◆ What is required ◆
Write out the data word for word and omit every picture.

◆ Raw data ◆
* * *
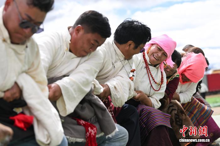 西藏那曲恰青賽馬節(jié)男女混合拔河比賽激情上演
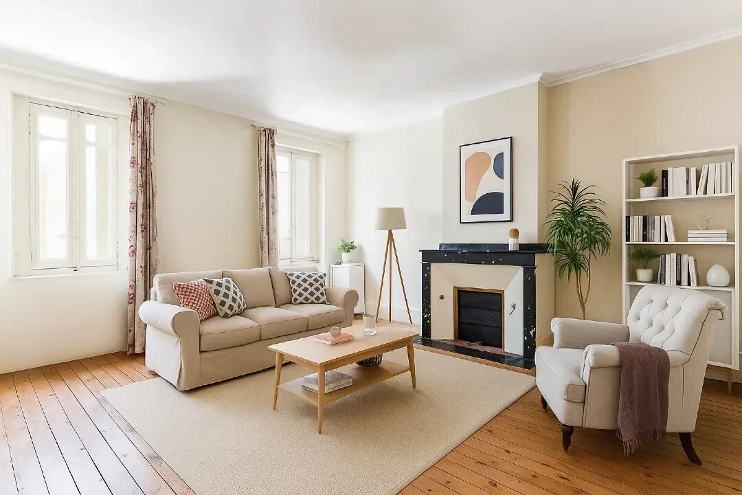 Les espaces de réception se composent d’un séjour raffiné, d’une salle à manger chaleureuse et d’une cuisine indépendante, formant un ensemble fluide, aujourd’hui prêt à être repensé et remis au goût du jour pour répondre aux usages contemporains.
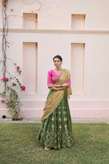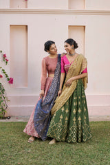 Fabrics: lehenga: chanderi, blouse: chanderi, Dupatta: tissue chanderi
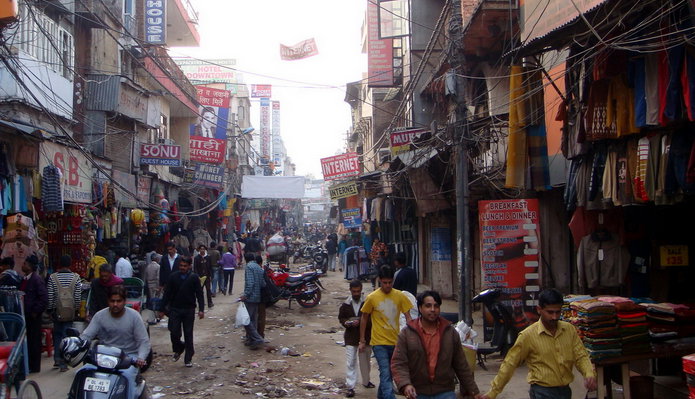 Поскольку время раннее, решили доехав до станции «Нью Дели « это и есть железнодорожный вокзал, посетить самое «злачное место» — улицу «Мэйн Базар» — квинтоэсенцию всей торговли Дели.
* * *
◆ Result of the task ◆
 西藏那曲恰青賽馬節(jié)男女混合拔河比賽激情上演
 Les espaces de réception se composent d’un séjour raffiné, d’une salle à manger chaleureuse et d’une cuisine indépendante, formant un ensemble fluide, aujourd’hui prêt à être repensé et remis au goût du jour pour répondre aux usages contemporains.
 Fabrics: lehenga: chanderi, blouse: chanderi, Dupatta: tissue chanderi
 Поскольку время раннее, решили доехав до станции «Нью Дели « это и есть железнодорожный вокзал, посетить самое «злачное место» — улицу «Мэйн Базар» — квинтоэсенцию всей торговли Дели.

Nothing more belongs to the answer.